#### [EXERCISE REQUIREMENTS]
Transcribe this listing exactly; omit the pictures.

#### [DATA PROVIDED]
=====
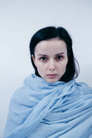 Mannequin covered with a scarf on a gray background. Studio shot.
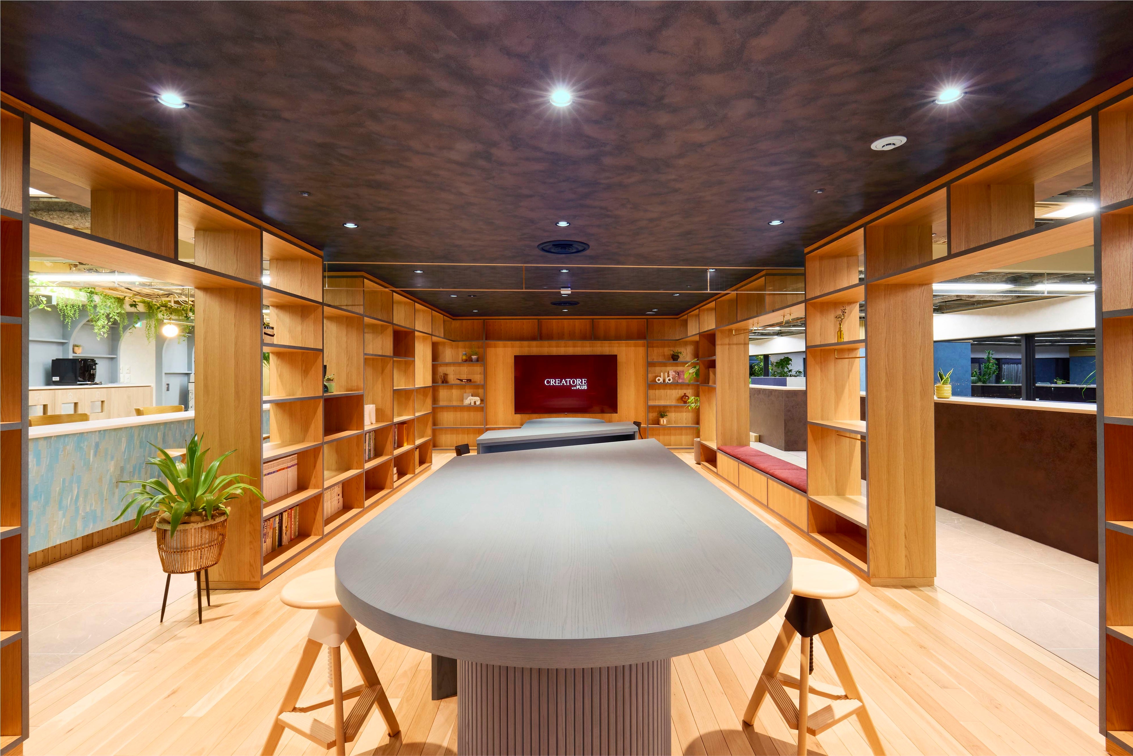フロア中央には、オフィスを構成するカラーやマテリアルが豊富に揃った「CREATORE with PLUS(クリアトーレ ウィズ プラス)エリア」を配置。全国5カ所のプラスのショールームである「CREATORE with PLUS」が培ってきた、お客様と共に創る考え方を踏襲した、ラボスペースです。
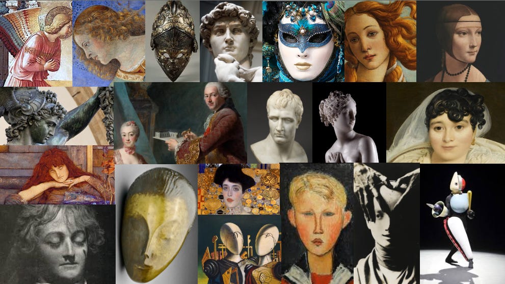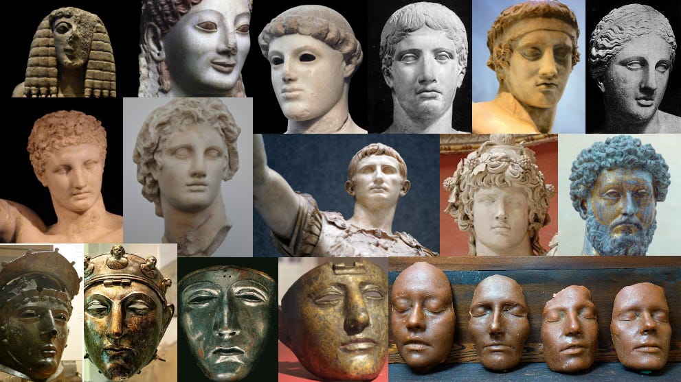 In my absence I have been working on an extended project of original research, which I am now excited to start sharing with you. Over a series of articles I aim to explain my theories about why Western masking traditions and the Western face is so different from other cultures. Using horror masks as the focus, we will explore together the metaphysics of the European face and mask, skin and pain, horror, the sublime, identity and the self - starting with Greek serenity and culminating in digital AI horror. I truly believe that this is a new contribution to the way we think about the face and the function of horror as a genre. I sincerely hope you enjoy.
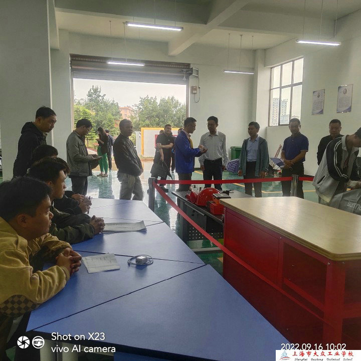 领导们首先来到了新能源汽车与汽车电气实训车间,我校帮扶小组周封伟老师正在这里上实训课程。领导们饶有兴致地观看了实训室的设备以及同学们的实训操作。周老师向张局长汇报了实训课程的安排和进展,张局长对于实训过程中学生互评的环节非常赞同,他认为这可以切实提高实训的效率和效果。
=====
#### [TASK RESULT]
 Mannequin covered with a scarf on a gray background. Studio shot.
フロア中央には、オフィスを構成するカラーやマテリアルが豊富に揃った「CREATORE with PLUS(クリアトーレ ウィズ プラス)エリア」を配置。全国5カ所のプラスのショールームである「CREATORE with PLUS」が培ってきた、お客様と共に創る考え方を踏襲した、ラボスペースです。
 In my absence I have been working on an extended project of original research, which I am now excited to start sharing with you. Over a series of articles I aim to explain my theories about why Western masking traditions and the Western face is so different from other cultures. Using horror masks as the focus, we will explore together the metaphysics of the European face and mask, skin and pain, horror, the sublime, identity and the self - starting with Greek serenity and culminating in digital AI horror. I truly believe that this is a new contribution to the way we think about the face and the function of horror as a genre. I sincerely hope you enjoy.
 领导们首先来到了新能源汽车与汽车电气实训车间,我校帮扶小组周封伟老师正在这里上实训课程。领导们饶有兴致地观看了实训室的设备以及同学们的实训操作。周老师向张局长汇报了实训课程的安排和进展,张局长对于实训过程中学生互评的环节非常赞同,他认为这可以切实提高实训的效率和效果。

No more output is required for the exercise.